----- Data to use

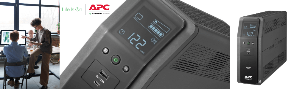 El APC Back UPS Pro proporciona un respaldo premium y protección contra sobretensión. Viene con dos puertos USB de carga (Tipo C + Tipo A) para dispositivos mobiles. Administración Powerchute edición personal. Compatibilidad con equipos que requieren PFC para PCsy y usuarios de videojuegos.
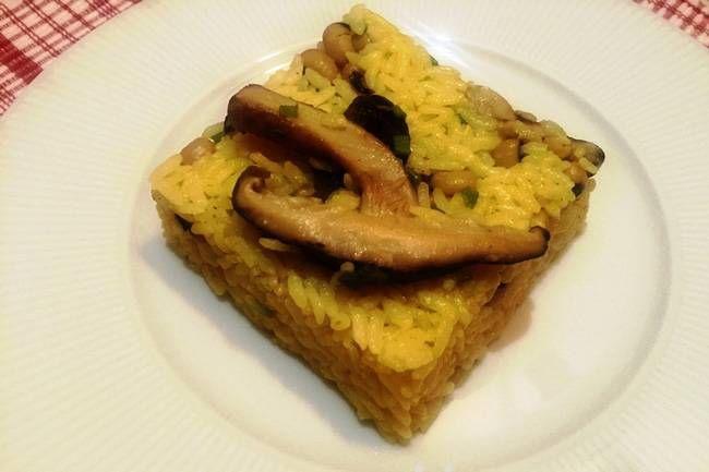 Pirinci ılık su ile ıslatıp 10 dakika bekletin. Mantarları yıkayıp kurulayın ve dilim dilim doğrayın. Zeytinyağını ve tereyağını tencerede ısıtın. Kesme şeker koyun. Mantarları ilave edip birkaç dakika hızlı ateşte soteleyin. Yıkanmış ve süzülmüş pirinci ilave edin, tuz ekleyin ve 2-3 dakika birlikte kavurun.
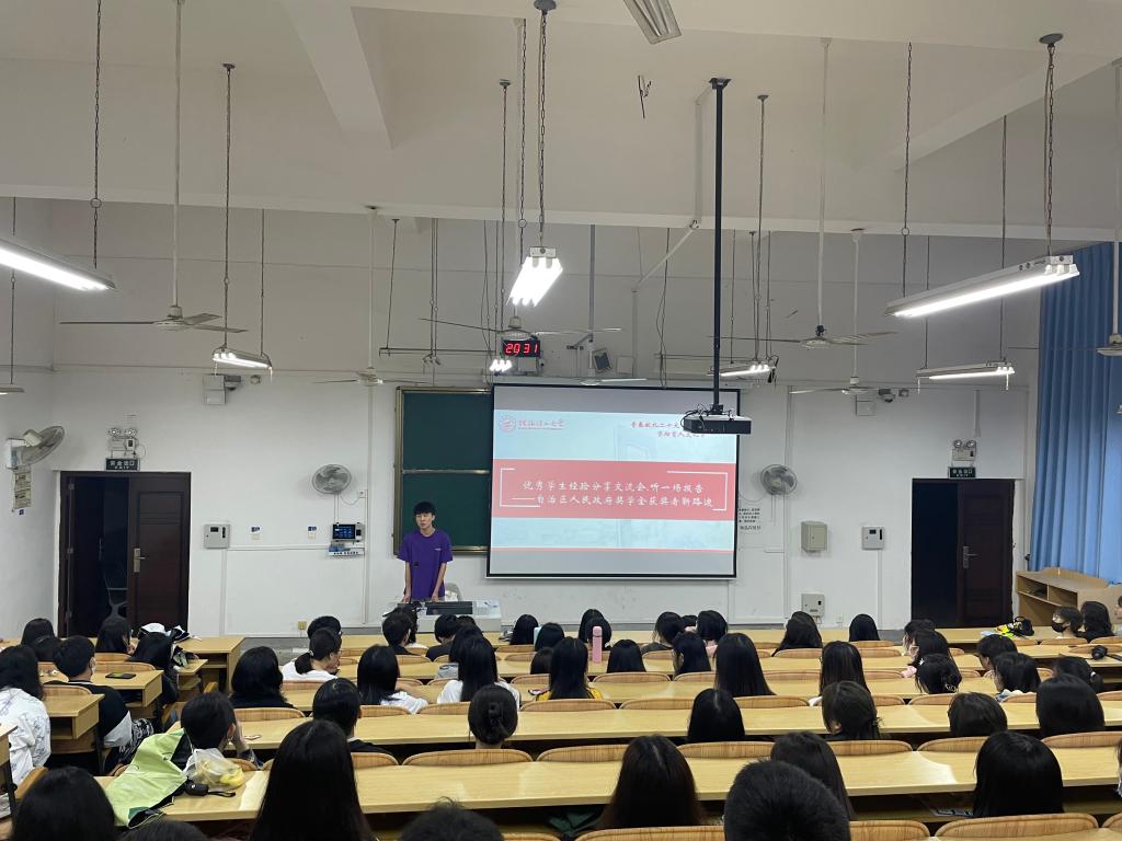 为发掘先进典型,发挥身边人、身边事的引领示范作用,激励学院学生奋勇拼搏、积极进取、不断完善自我,旅游与风景园林学院于5月22日在雁山校区04620教室开展资助育人文化节系列活动“听一场报告”——优秀学生经验分享交流会,会议由学院辅导员唐兰主持。
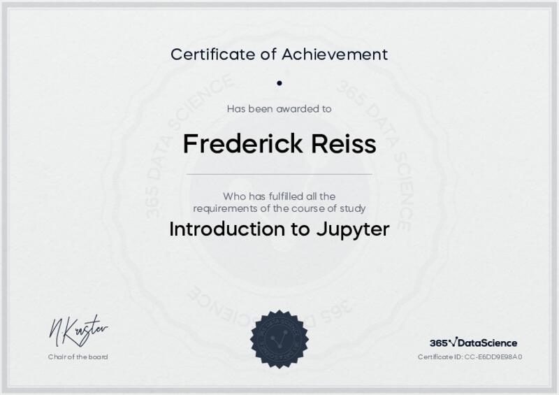 This user has been awarded the Introduction to Jupyter Certificate for successfully completing the course exam. Holding this certificate demonstrates their proficiency on the topic and signifies they are qualified to apply their newly acquired expertise in the fields of data analytics and data science.
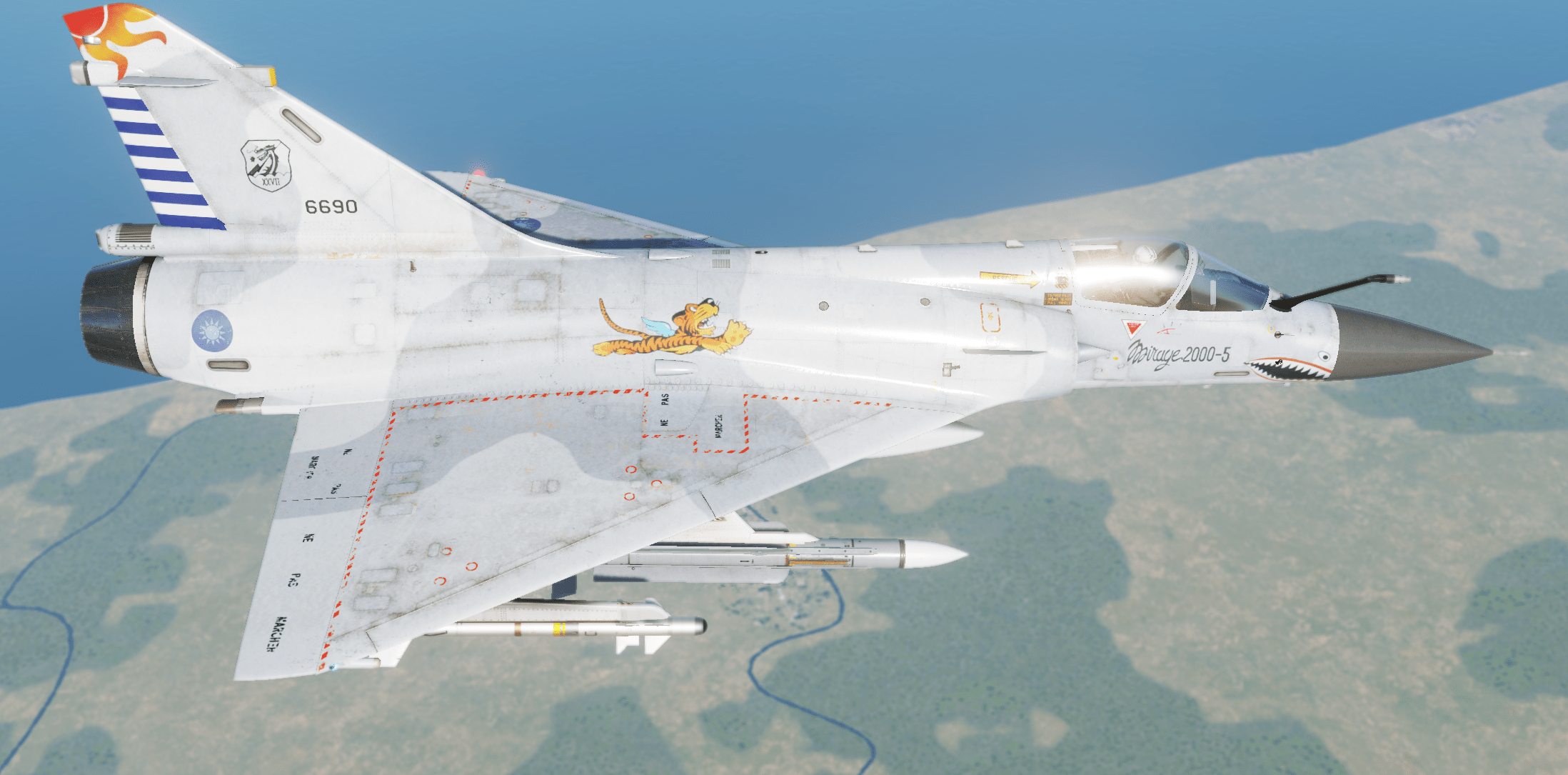 Fictional Mirage skin made based on the real F-16 skin of the ROCAF, Who pays homage to the Flying Tigers squadron of WW2.
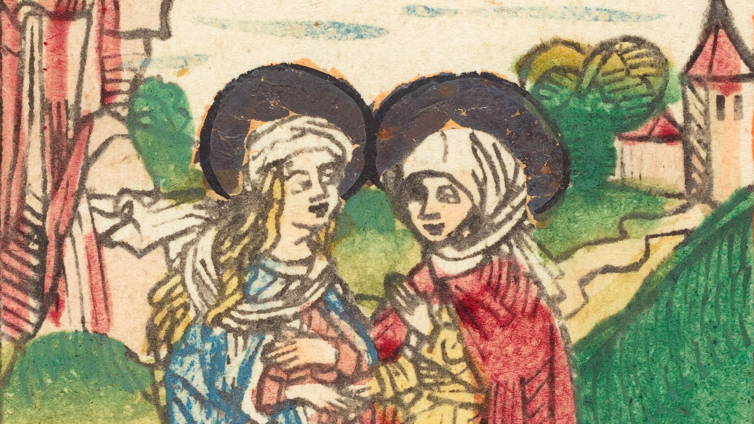 German 15th Century, The Visitation, c. 1480/1490, woodcut in dark brown, hand-colored in red, yellow, green, lt. blue, pink, blue, gold, orange, Rosenwald Collection, 1943.3.824
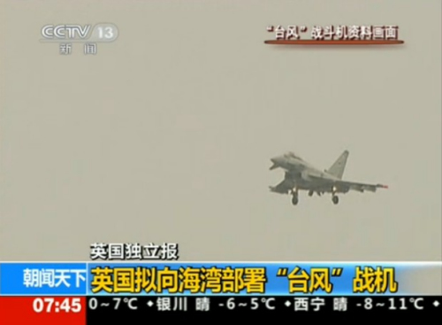 報道指出,英國考慮部署戰(zhàn)機的時機是,以色列威脅要對伊朗發(fā)動軍事打擊,中東大部分地區(qū)處于“阿拉伯之春”以及敘沖突余波所帶來的動蕩中。在這一動蕩時期是否向海灣部署戰(zhàn)機,這將由英國首相卡梅倫在同迪拜和阿聯(lián)酋深入交談后做出決定。預計在不久的將來將宣布相關(guān)決定。
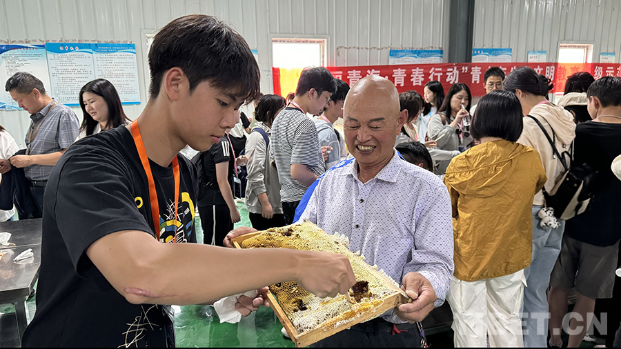 7月11日,140余名香港青少年帶著對(duì)知識(shí)的渴望來(lái)到海南州貴德縣,踏上了生態(tài)研學(xué)之旅。在青藏華峰中蜂蜂業(yè)有限公司保種場(chǎng)(以下簡(jiǎn)稱保種場(chǎng)),群山環(huán)抱,樹木蔥蘢的山坡里分布著許多蜂箱,同學(xué)們?cè)邳S河岸邊與中華蜜蜂來(lái)了場(chǎng)親密邂逅。
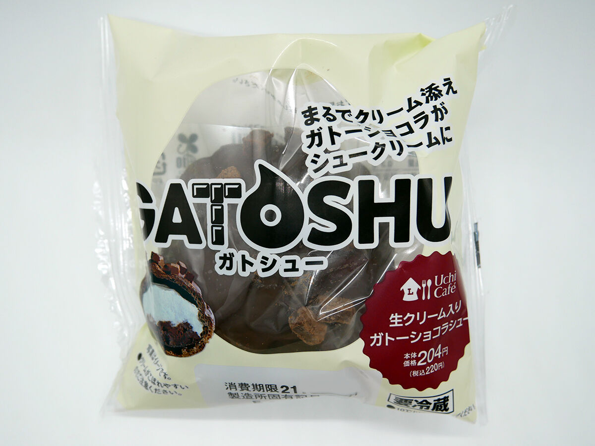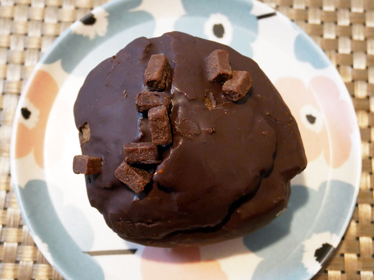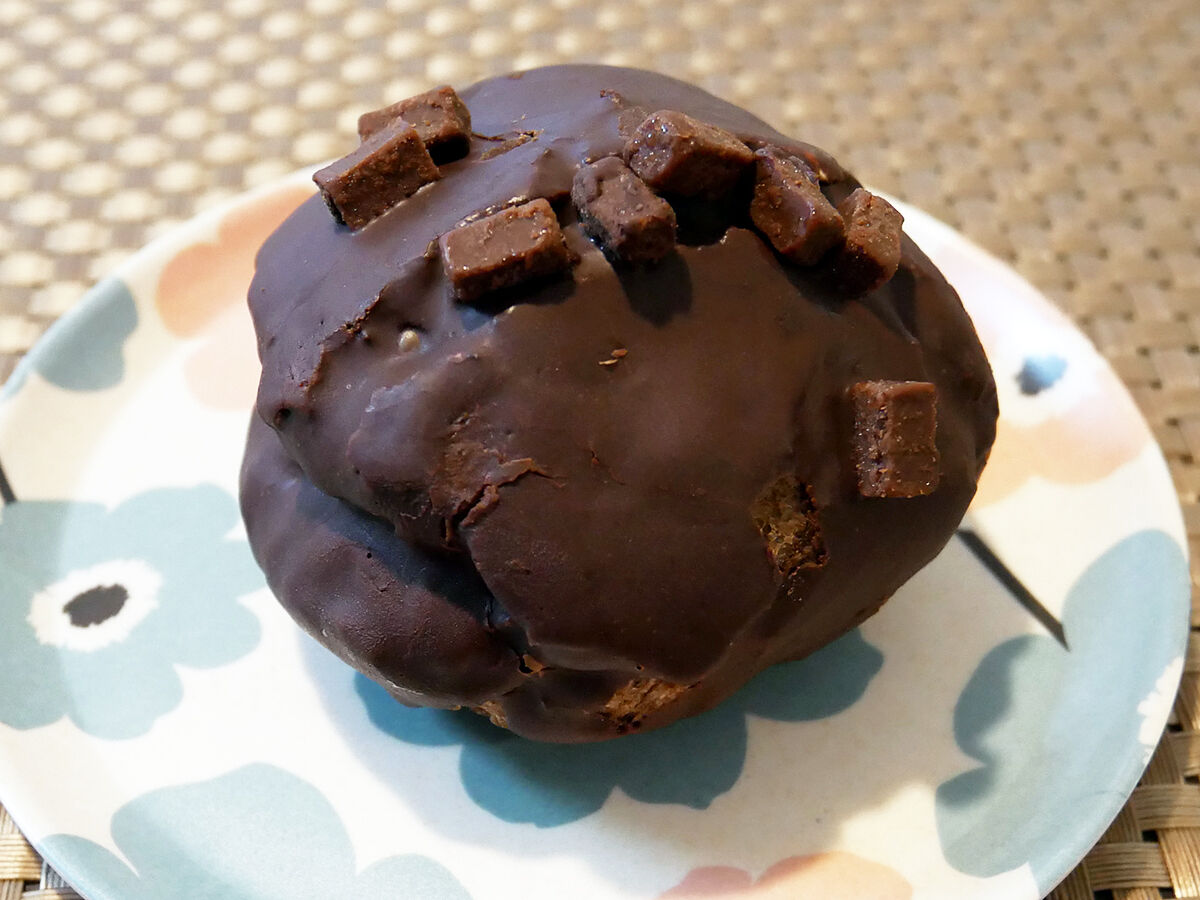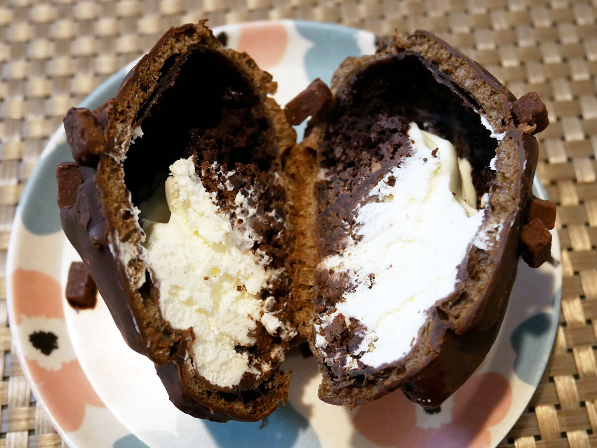 冷蔵していたのでしっかりチョココーティングがほどよくパリッと、やや厚みあるシューパフ生地と合わさって、歯がクイッと食い込むしっかり目な存在感。

----------

» Work item: Skip every picture and return the lines above from the top through the one that contains "为发掘先进典型,发挥身边人、".

» Finished exercise:
 El APC Back UPS Pro proporciona un respaldo premium y protección contra sobretensión. Viene con dos puertos USB de carga (Tipo C + Tipo A) para dispositivos mobiles. Administración Powerchute edición personal. Compatibilidad con equipos que requieren PFC para PCsy y usuarios de videojuegos.
 Pirinci ılık su ile ıslatıp 10 dakika bekletin. Mantarları yıkayıp kurulayın ve dilim dilim doğrayın. Zeytinyağını ve tereyağını tencerede ısıtın. Kesme şeker koyun. Mantarları ilave edip birkaç dakika hızlı ateşte soteleyin. Yıkanmış ve süzülmüş pirinci ilave edin, tuz ekleyin ve 2-3 dakika birlikte kavurun.
 为发掘先进典型,发挥身边人、身边事的引领示范作用,激励学院学生奋勇拼搏、积极进取、不断完善自我,旅游与风景园林学院于5月22日在雁山校区04620教室开展资助育人文化节系列活动“听一场报告”——优秀学生经验分享交流会,会议由学院辅导员唐兰主持。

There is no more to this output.